- Problem statement -
Copy the records below word for word, from the first line through the line that contains "YESHIVA TORAS CHAIM Inaugural Tribute Dinner", and leave out any pictures.

- Input data -

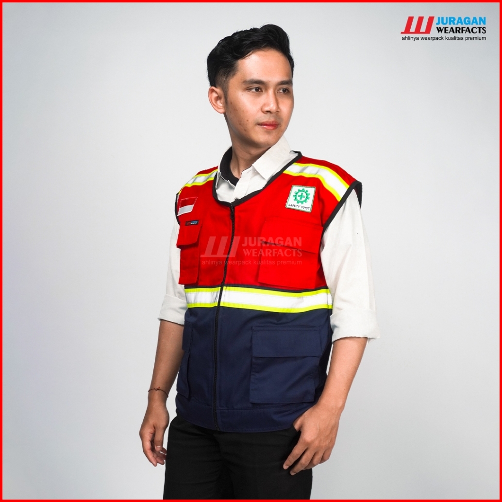 Juragan Wearfacts - Rompi Hse Warna Merah Kombinasi Biru Navy
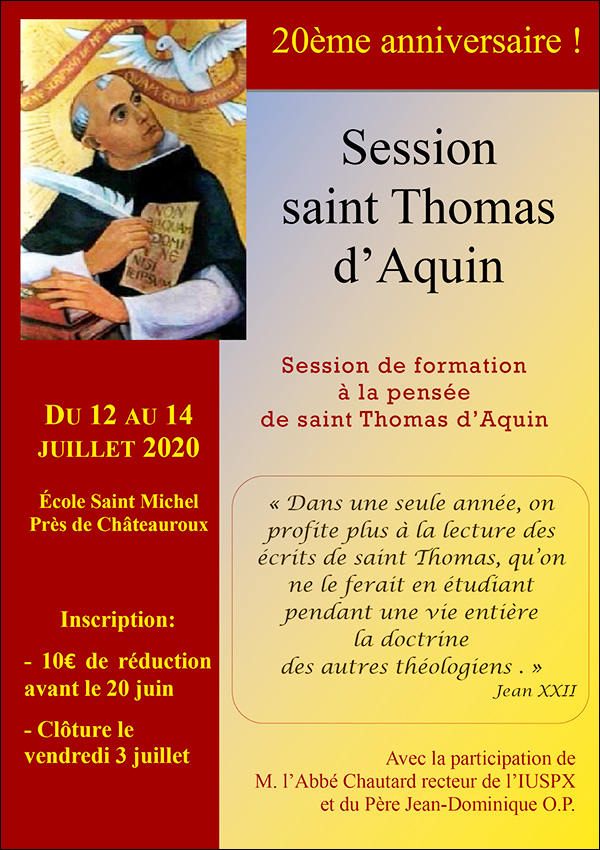 Comme chaque année l’Association Saint Thomas organise sa session de philosophie. En trois jours, trois problèmes contemporains sont abordés, leurs causes, leurs remèdes par un retour à la philosophie réaliste, et une réflexion à la lumière de la Révélation pour approfondir la question.
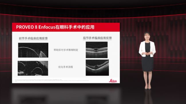 徠卡顯微系統(tǒng)醫(yī)療部應(yīng)用主管蔡宇女士為我們詳細(xì)介紹了Proveo 8 Enfocus 一體化術(shù)中OCT在眼科手術(shù)中的應(yīng)用。
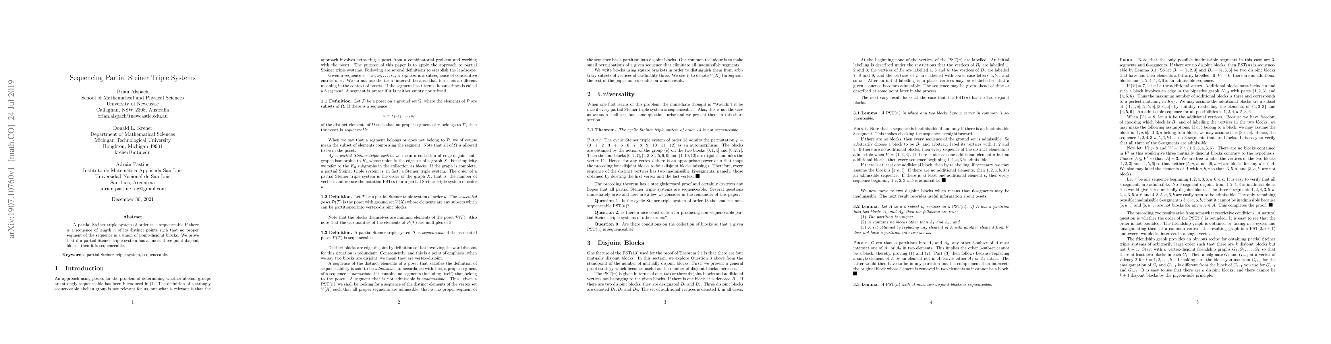 Summary: This paper proves that partial Steiner triple systems with at most three point-disjoint blocks are sequenceable, meaning they can be arranged in a sequence where no proper segment forms a union of these blocks. The result establishes a condition for sequenceability in such systems.
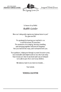 YESHIVA TORAS CHAIM Inaugural Tribute Dinner
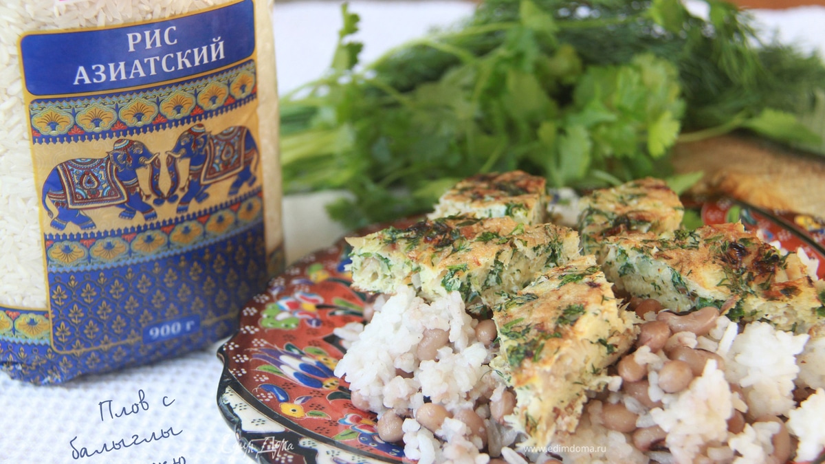 Плов по-азербайджански — блюдо из длиннозерного риса с фасолью «черный глаз» на сливочном масле. Балыглы кюкю — это, если так можно сказать, рыбный омлет с большим количеством зелени. Для аутентичности предпочтительнее готовить с кутумом горячего копчения (но достать такую рыбку тем, кто не живет на Каспии или нижней Волге, достаточно проблематично! Поэтому выход один — заменить на копченого сига или сазана). Для блюда я использовала рис «Азиатский» ТМ «Националь». Угощайтесь!
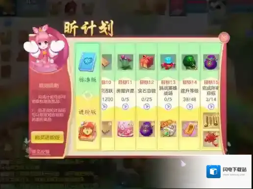 30级开启昕计划后,只要达成指定目标便可领取奖励,解锁进阶版后还可领取对应目标的进阶大奖。
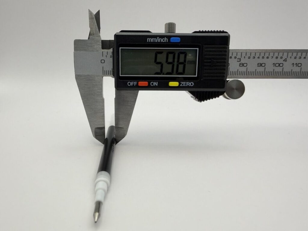 採寸結果での予想に反して、C300系リフィルはペン先と口金とに隙間ができるものの、検証したどれもがカタつきがなく安定して筆記ができるという結果になりました。
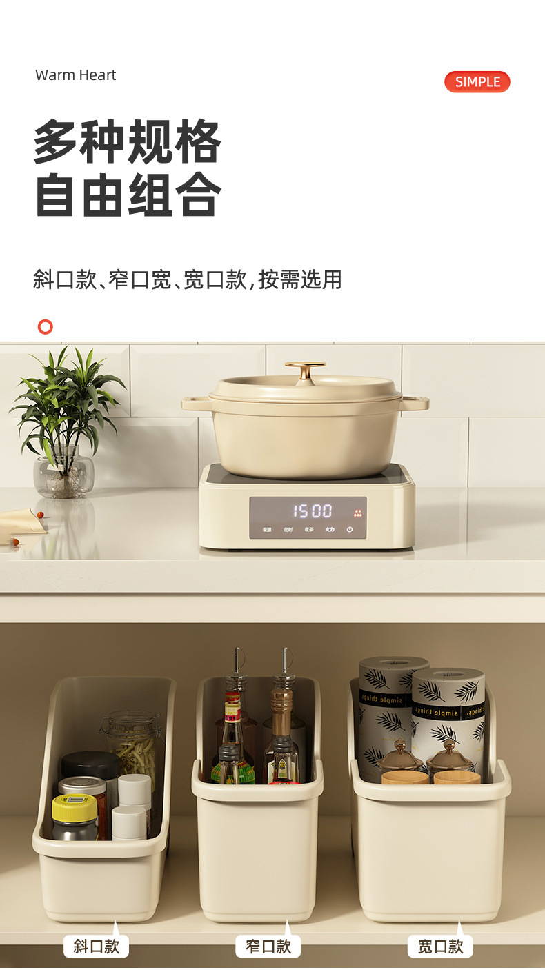 캐비닛 풀 스토리지 박스 주방 냄비 스토리지 랙 플라스틱 스토리지 포트 커버 랙 캐비닛 마무리 스토리지 랙 하위 배치
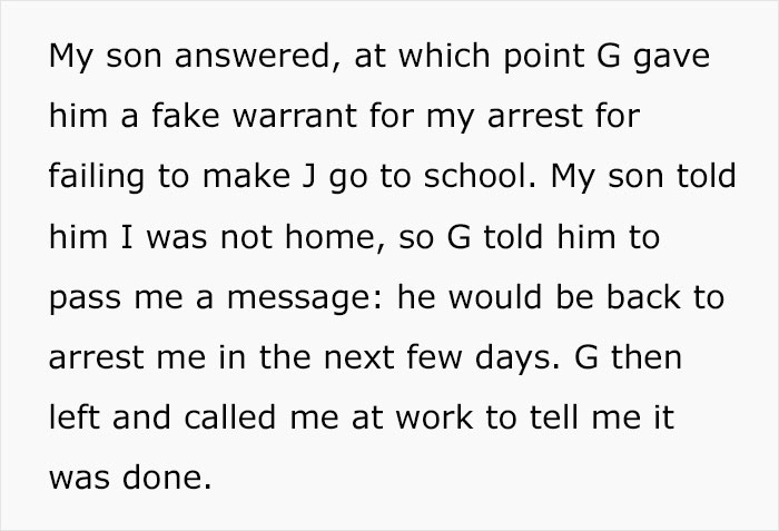 Despite some negative responses on Reddit, she stands by the decision to stage the arrest, saying, “No other ‘battle plan’ would have worked as quickly and thoroughly as the arrest I staged. The change in his attendance was immediate and we had way less angst in our morning routine. I don’t regret handling it how I did at all.”
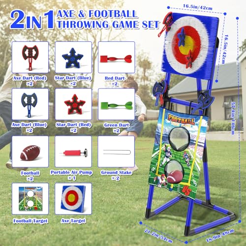 AXE THROWING GAME COMPLETE SET– Everything you need for immediate fun is included: 1 axe target, 1 rugby cloth target, 1 sturdy stand, 4 axe darts, 4 star darts, 4 standard darts, 2 rugby balls, 1 portable pump, and 2 ground stakes. When assembled, the target stands at 57.4 inches (146cm)—the ideal height for an authentic throwing experience, perfect for teens and adults to enjoy together.
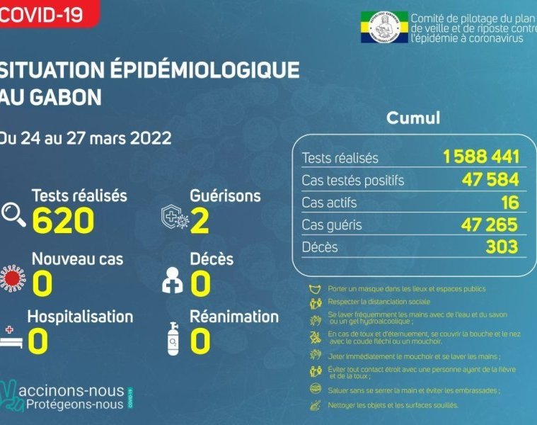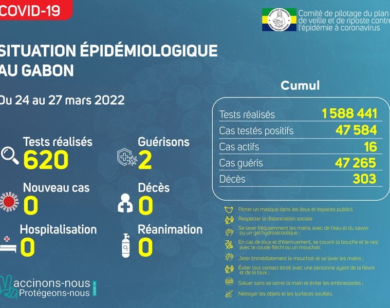 GabonMatin vous livre le point journalier du Comité de pilotage du plan de veille et de riposte contre l’épidémie à Coronavirus au Gabon du 27 mars 2022.

- Expected output -
 Juragan Wearfacts - Rompi Hse Warna Merah Kombinasi Biru Navy
 Comme chaque année l’Association Saint Thomas organise sa session de philosophie. En trois jours, trois problèmes contemporains sont abordés, leurs causes, leurs remèdes par un retour à la philosophie réaliste, et une réflexion à la lumière de la Révélation pour approfondir la question.
 徠卡顯微系統(tǒng)醫(yī)療部應(yīng)用主管蔡宇女士為我們詳細(xì)介紹了Proveo 8 Enfocus 一體化術(shù)中OCT在眼科手術(shù)中的應(yīng)用。
 Summary: This paper proves that partial Steiner triple systems with at most three point-disjoint blocks are sequenceable, meaning they can be arranged in a sequence where no proper segment forms a union of these blocks. The result establishes a condition for sequenceability in such systems.
 YESHIVA TORAS CHAIM Inaugural Tribute Dinner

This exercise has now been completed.